TASK TO COMPLETE:
Would you print the records below from the first line through the line containing "麦ご飯、プルコギ、トックスープ、味付けのり、牛乳が出ました。", skipping the pictures?

Collection entries:

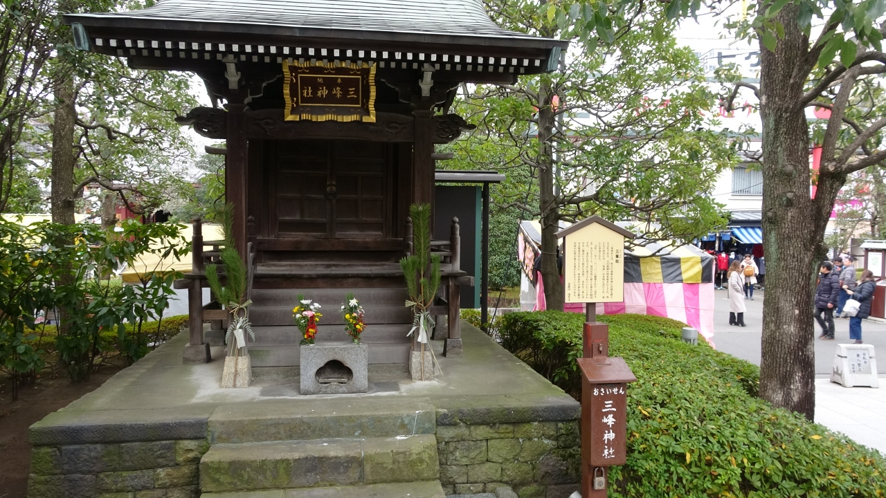 三峰神社のように小さな神社が浅草内部にいくつかあります。看板の記載によると浅草寺誌という書物に「各所に神社が作られた」とのことです。三峰神社もそのひとつであるそうです。ただ残念なのは、戦火によって焼失してしまったことです。だけど浅草寺誌も文化10年(1813年)に編纂されたものが残っていたこともスゴイです。
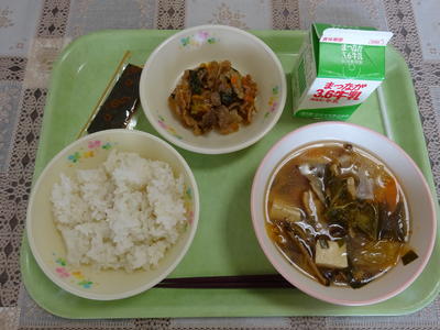 麦ご飯、プルコギ、トックスープ、味付けのり、牛乳が出ました。
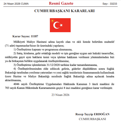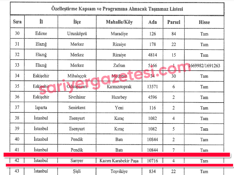 Cumhurbaşkanı Recep Tayyip Erdoğan tarafından Resmi Gazete’de 26 Nisan 2026 tarihinde 33233 sayı numarası ve 11187 karar numarasıyla yayımlanan kararnameyle Sarıyer’deki 95 bin 218 metrekarelik dev bir arazinin satılması istendi. Kararnamede ülke genelinde devlete ait 32 ildeki 71 adet taşınmazın 31 Aralık 2028 tarihine kadar satılması kararlaştırıldı. Özelleştirmeden elde edilecek gelirin Sağlık Bakanlığı’na aktarılacağı ifade edildi. Satılacak araziler listesinde Sarıyer’de çok önemli bir arazi de yer aldı.
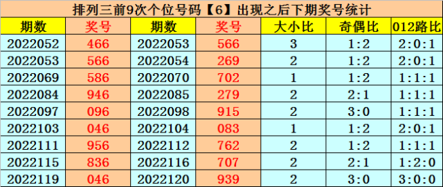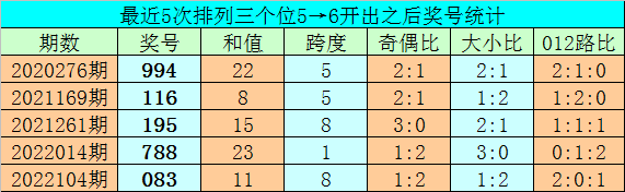1、排列三前两期个位分别开出号码5和6,历史上个位号码连续两期分别出现5和6时,共有49次。在最近5次出现时,其下期分别出现号码:994、116、195、788、083;
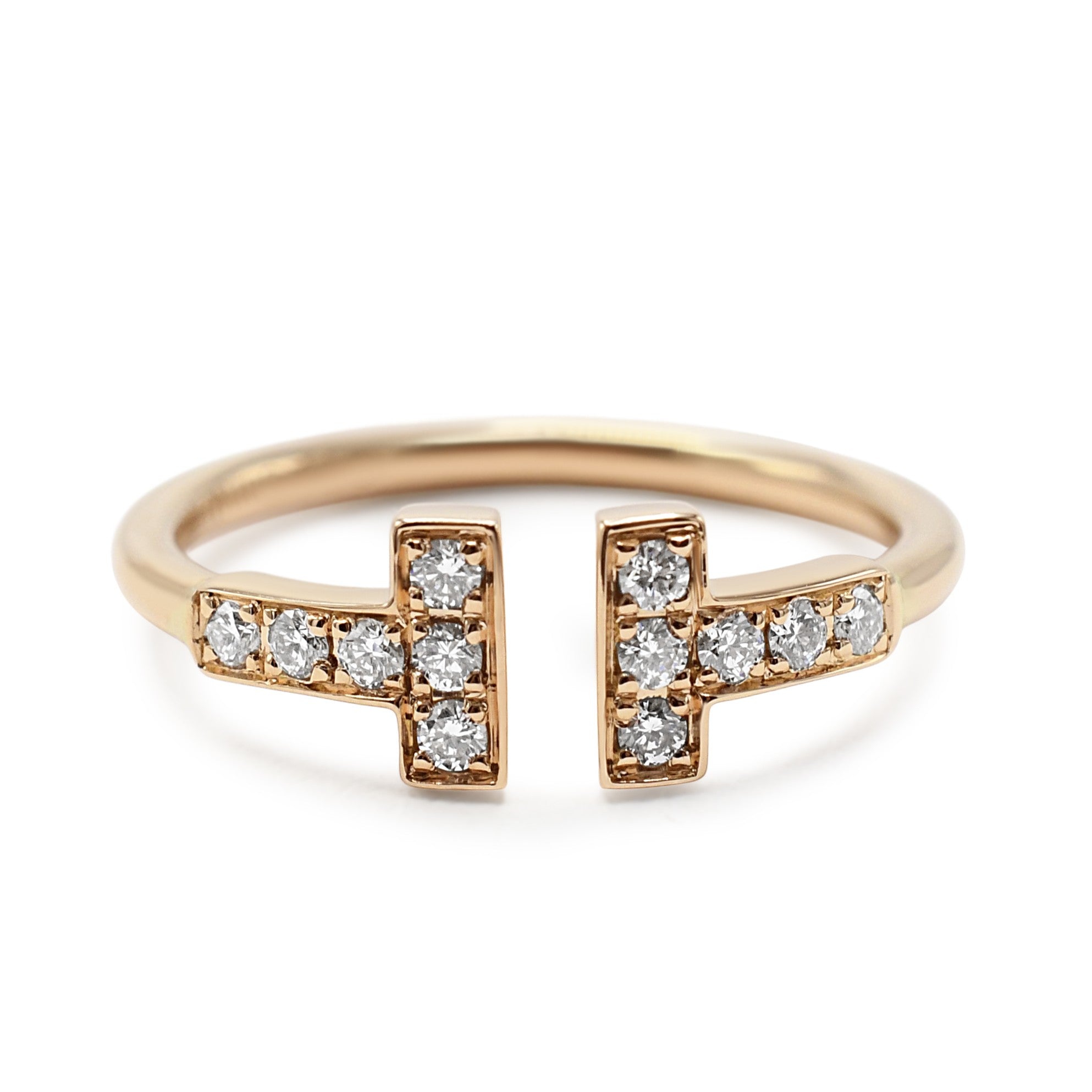 Introducing this stunning second hand Tiffany T Diamond Wire Ring in the mesmerizing hue of Rose. This luxurious piece from the renowned brand, Tiffany & Co, is the perfect addition to any woman's collection. Crafted with precision and care, this ring is designed to make a statement and leave a lasting impression.
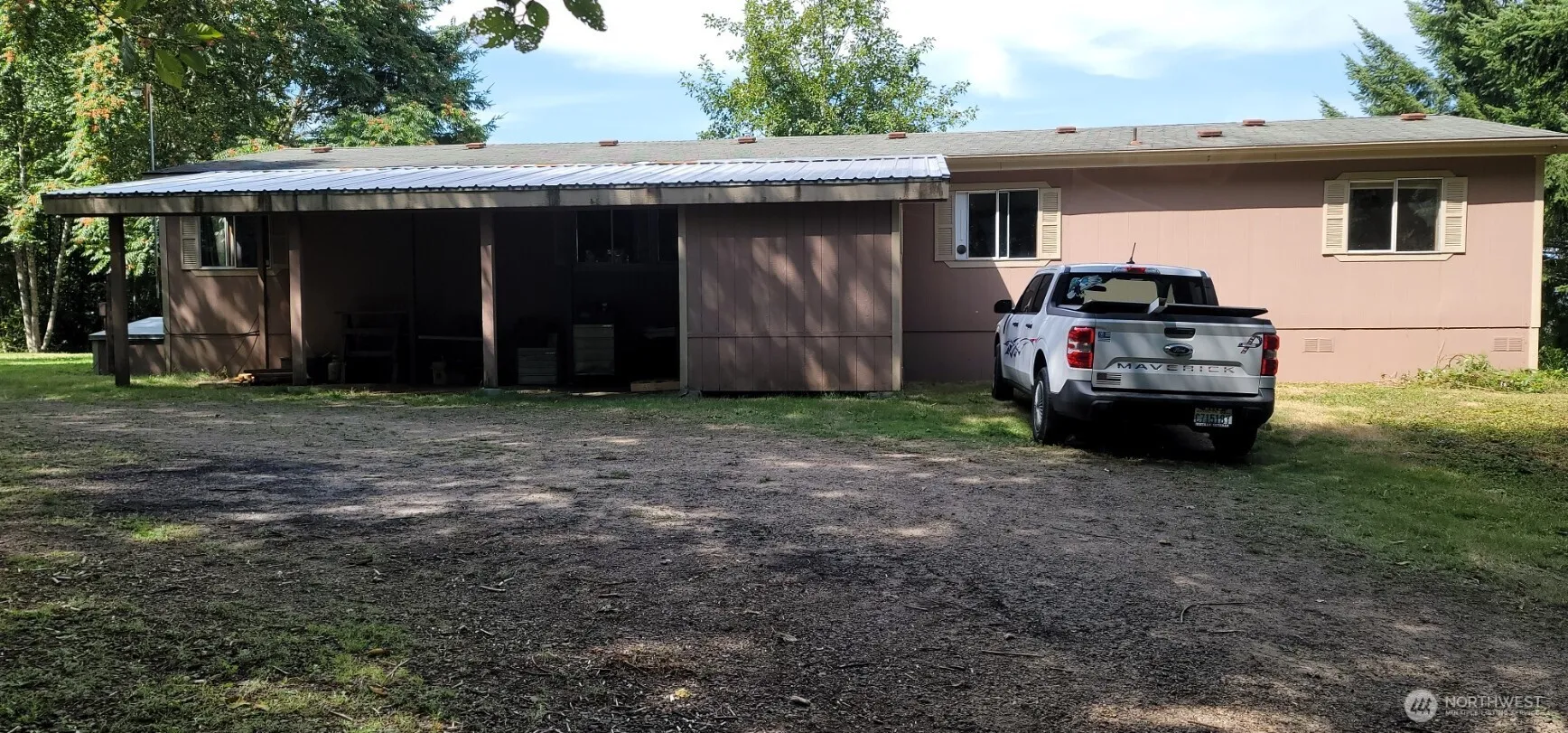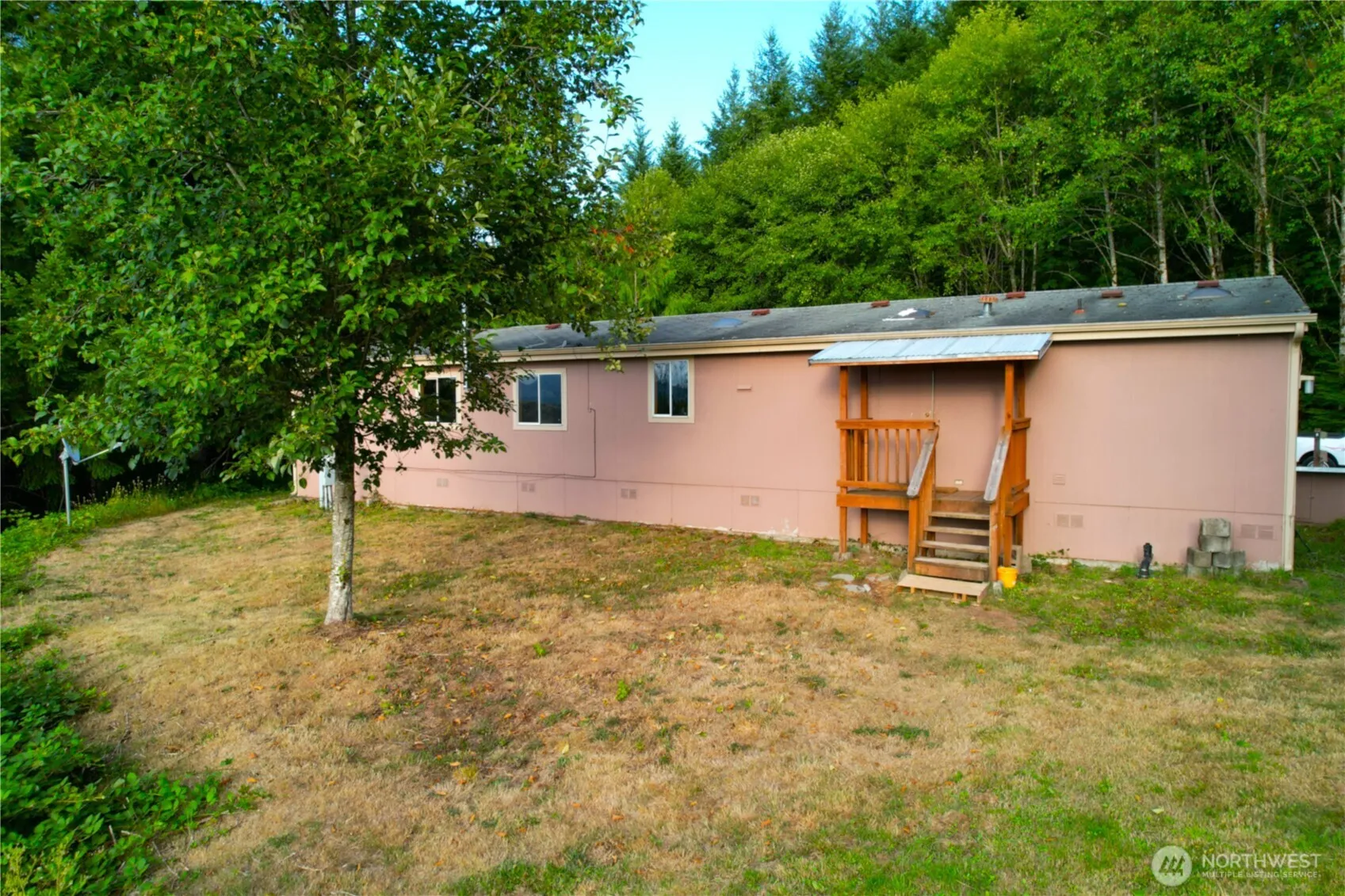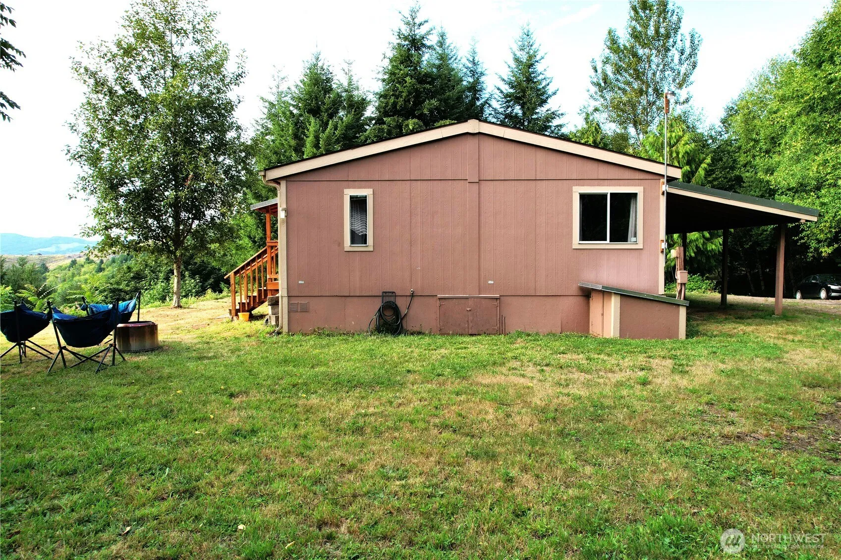 ESTATE SALE – PRICED $55,000 BELOW Tax assessed value. Secluded by your forest the home is 1650 Sq. Ft. with 3 bedrooms and 2 baths with a large flat yard area for parking cars, boats, RVs, a garden, pets, or playground. The covered carport with storage area and mud room at the back door provides weather protection. The shop has a covered area in front to work on cars, etc. keeping dry. The home was being remodeled giving it a great open floor plan, when the father passed thus some flooring, trim, one room sheetrock needed to complete the remodel. The homesite is elevated and the land terraces down with paved road access, perfect to split off 2 acres +/- for a 2nd homesite or to sell. 12 miles from I-5 on private dead-end road. GREAT VIEWS

RESPONSE TO THIS EXERCISE:
 三峰神社のように小さな神社が浅草内部にいくつかあります。看板の記載によると浅草寺誌という書物に「各所に神社が作られた」とのことです。三峰神社もそのひとつであるそうです。ただ残念なのは、戦火によって焼失してしまったことです。だけど浅草寺誌も文化10年(1813年)に編纂されたものが残っていたこともスゴイです。
 麦ご飯、プルコギ、トックスープ、味付けのり、牛乳が出ました。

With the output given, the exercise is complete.